I will guarantee that the majority of people why have made this claim have not worked in a union environment. The UAW workers are the toughest workers I've known. And they care about what they are doing. It's the union folks who are tearing up when a first new model rolls of the line, or a last model rolls off a line. These are people who put their hearts into what they do fifty times more urgently than most white collar engineers I know. You want to talk about laziness and coffee breaks? The engineering center at GM has a coffee station every few feet. And it's always packed to the gills. I've known white collar engineers to come to work, read the paper, sit on the can for a half hour, get a coffee, and then go to a meeting at 10, after having been at work since 6:30 or 7. Those examples alone waste three to three and a half hours each day minimum. How can a UAW worker do that while working on a moving line that gives them each a new product to touch every few seconds? Do people seriously think they stop the line for the union workers to go sit in the can for a half hour or read the paper for awhile?

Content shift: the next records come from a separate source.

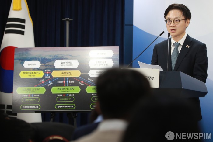 [서울=뉴스핌] 이형석 기자 = 김정관 산업통상부 장관이 14일 오전 서울 종로구 정부서울청사에서 한미 MOU 관련 브리핑을 하고 있다. 2025.11.14 leehs@newspim.com
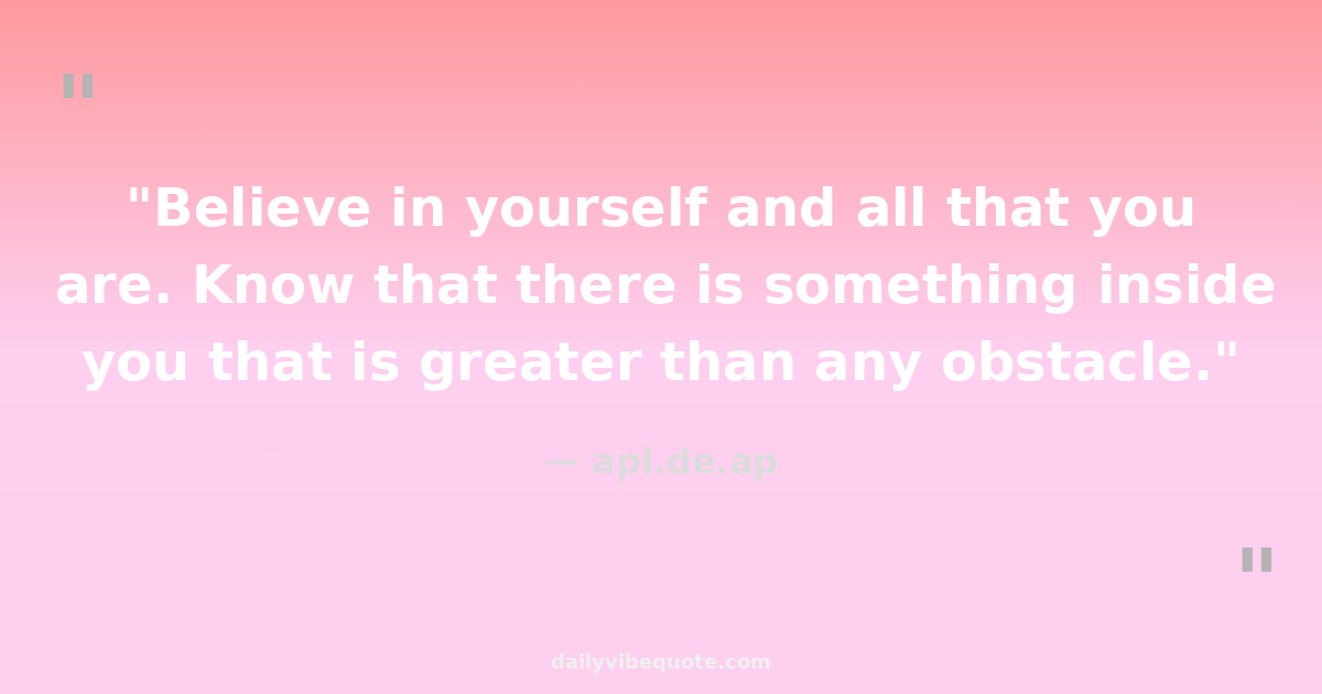"Believe in yourself and all that you are. Know that there is something inside you that is greater than any obstacle."
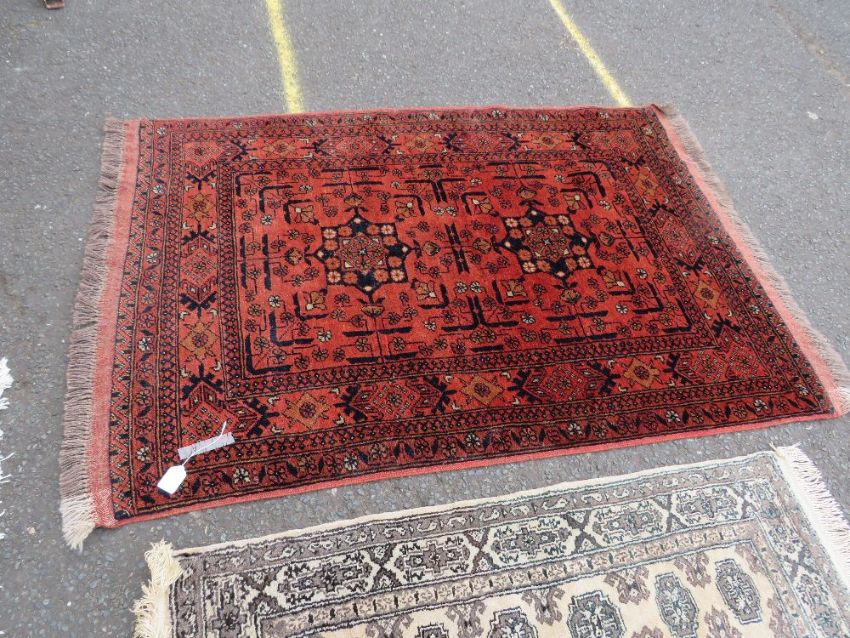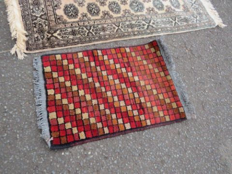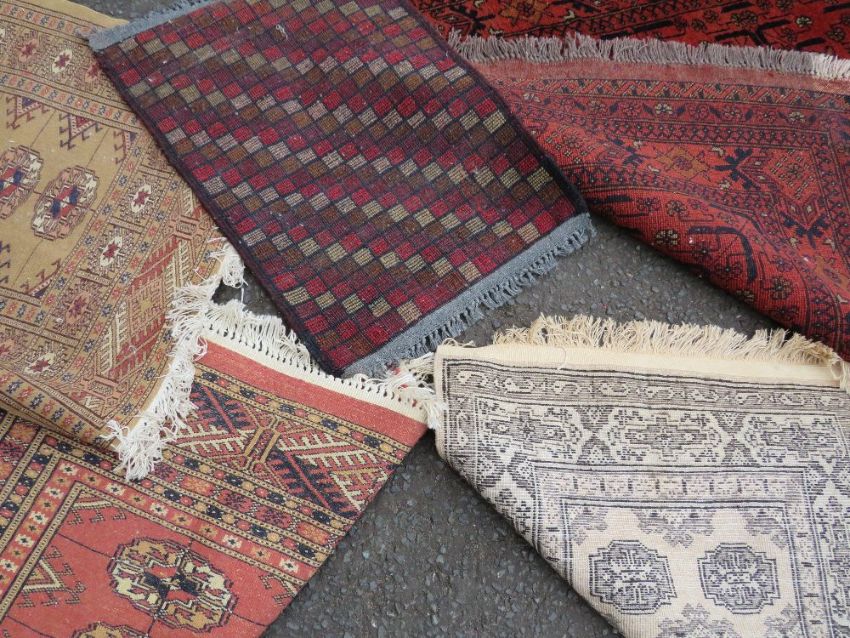 A SELECTION OF FIVE EASTERN WOOLLEN RUGS - LARGEST 146 X 104 CM

Common myth #2: The UAW exists to protect weak, lazy workers.

How so? Do people out there honestly think that corporations do not attempt to dismiss workers just because they are UAW members? And further, that they do not succeed in dismissing those workers? Being a union member is not equivalent to having a "get out of jail free" card. Yes, if a union member is disciplined or fired, he/she has a right to file a grievance with the union, and if the union sees fit, it will try to rectify the situation. But here's what you may not know... First, the union member has to do things exactly right for even a hope at that representation. One day late to the union steward, and no dice. Further, the union steward can (and will, often) deny helping. The union ONLY gets involved in situations where the employee was treated unfairly, treated differently than what has become past practice, or has special circumstances warranting another chance.

Now when I think about that, I think it's only decent. And I wish all companies allowed some room for dicussion and reflection in these matters. But they don't. The rest of us in the private sector can be fired on the spot after devoting thirty years to a company, simply because someone doesn't like our socks. Who thinks that's a crappy reality? I sure do.